Of course there were downsides. Pain became an issue that had to be dealt with, and I hope we did a fine job keeping her comfortable. She worried about how her mom would do after she died. In fact, she said, "The reason I don't want to go on machines is because they won't really help me and then my mom will just have to decide when to stop them, and she can't handle that. It would be too hard."
She told several of us that God has keys to everyone's houses, and she was going to get them from him and come to our houses when we were gone so she could play with our pets. She told us she would be watching over us. She mentioned many times that she would watch over Henry for me when I couldn't be with him. She told her family she would be waiting for them and holding out her hand to them when they were dying, and would show them the way. She was looking forward to taking care of the babies in heaven. She was also very excited about getting purple angel wings, "God waters you and you grow your wings. Mine will be purple."
She was dying, and she knew she was dying. She wasn't afraid, though. She wasn't tormented by the unknown. She had made her peace with things on earth, she was ready to move on to the place she felt she was promised to go.
I don't know how to say that I am sad but not sad for her death today.
I'm sad that she got sick and had to go through four years of pain and suffering, granted, not all bad, but any pain and suffering for her makes me sad.
I'm sad that she didn't get to go to junior college last fall like she had planned, and sad that we won't know what she might have done with more years of life.
At the same time, though, I am so happy for her. She wasn't laying in her bed her last weeks thinking of all she could have done or won't get to do with her life. She was happy with what she had already accomplished, and living each day knowing she was ready to die. I am not sad that she won't have pain anymore, won't have to worry about her mom. I am happy that any of her suffering is over, and that she went quietly, without fear.

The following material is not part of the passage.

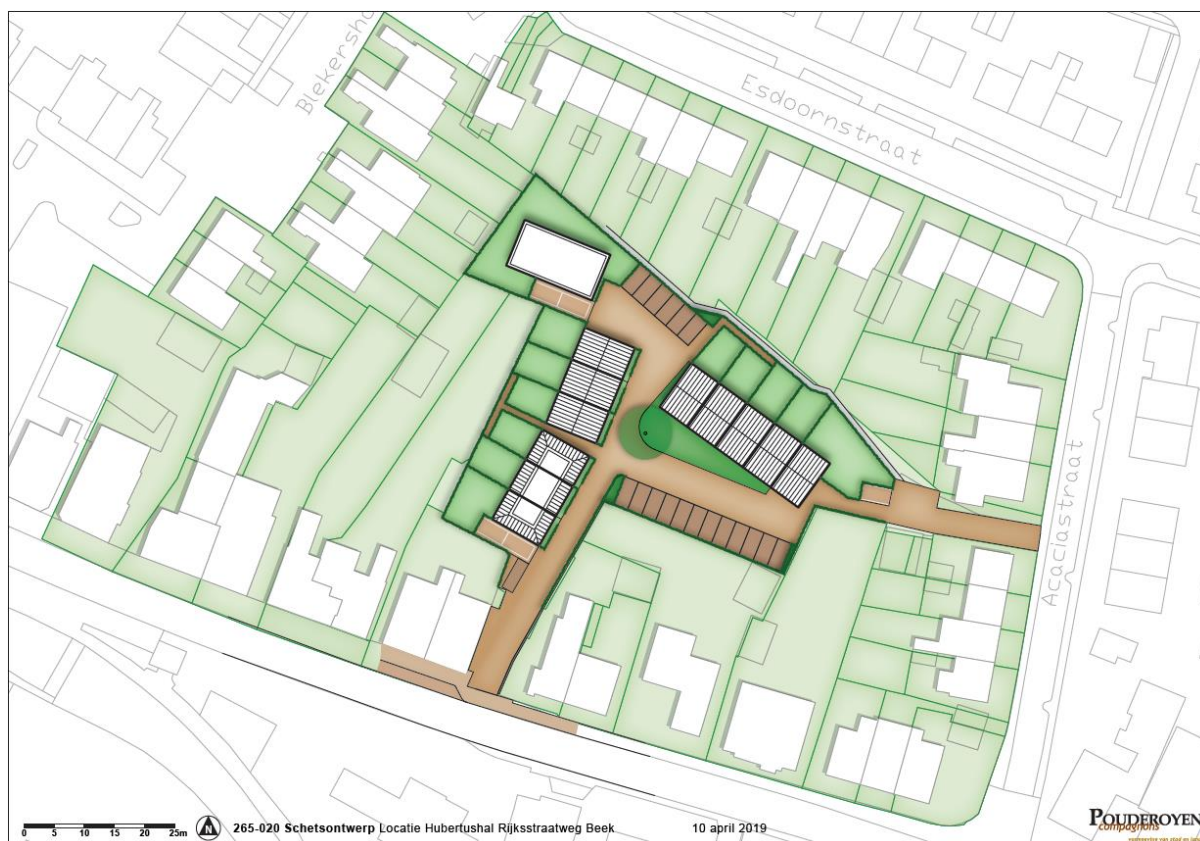
Figuur 3.1. De voorgestane situatie.

De tennis- en squashhal worden gesloopt en de verharding wordt verwijderd. De woning in het noordwesten van het plangebied (3 in figuur 4.1) blijft behouden. In het plangebied worden 11 woningen met achtertuinen en parkeerplaatsen gerealiseerd. De voorgenumen situatie is weergegeven in figuur 3.1.

I don't know what I believe about the afterlife. I don't know if she is now somewhere with her purple angel wings, rocking babies. I don't know if Jesus reached out his hand to her and brought her "home." I don't know if I should expect my dog to do strange things because some new spirit is here playing with her.
I want to believe she is happy. I want to believe she is watching over me, watching over all of the nurses and doctors and therapists she loved. I want to believe that Henry has a force protecting him from harm (I hear her tell her mom, "She has to go home to Little Henry, her 'Prince Charming.'" When I went to tell her I was leaving for the day.)
What I know is that the last weeks of her life were not lived in vain. They were truly a gift, in so many ways, to so many people. A gift to know she was in a peaceful state, a gift to be given hope that we might be able to bring that peaceful state to all of our patients, a gift to know that even when we, as doctors, can't cure, the we can still heal, still comfort.
I have to thank her, eternally, and know that her spirit is somewhere to feel the gratitude in my heart.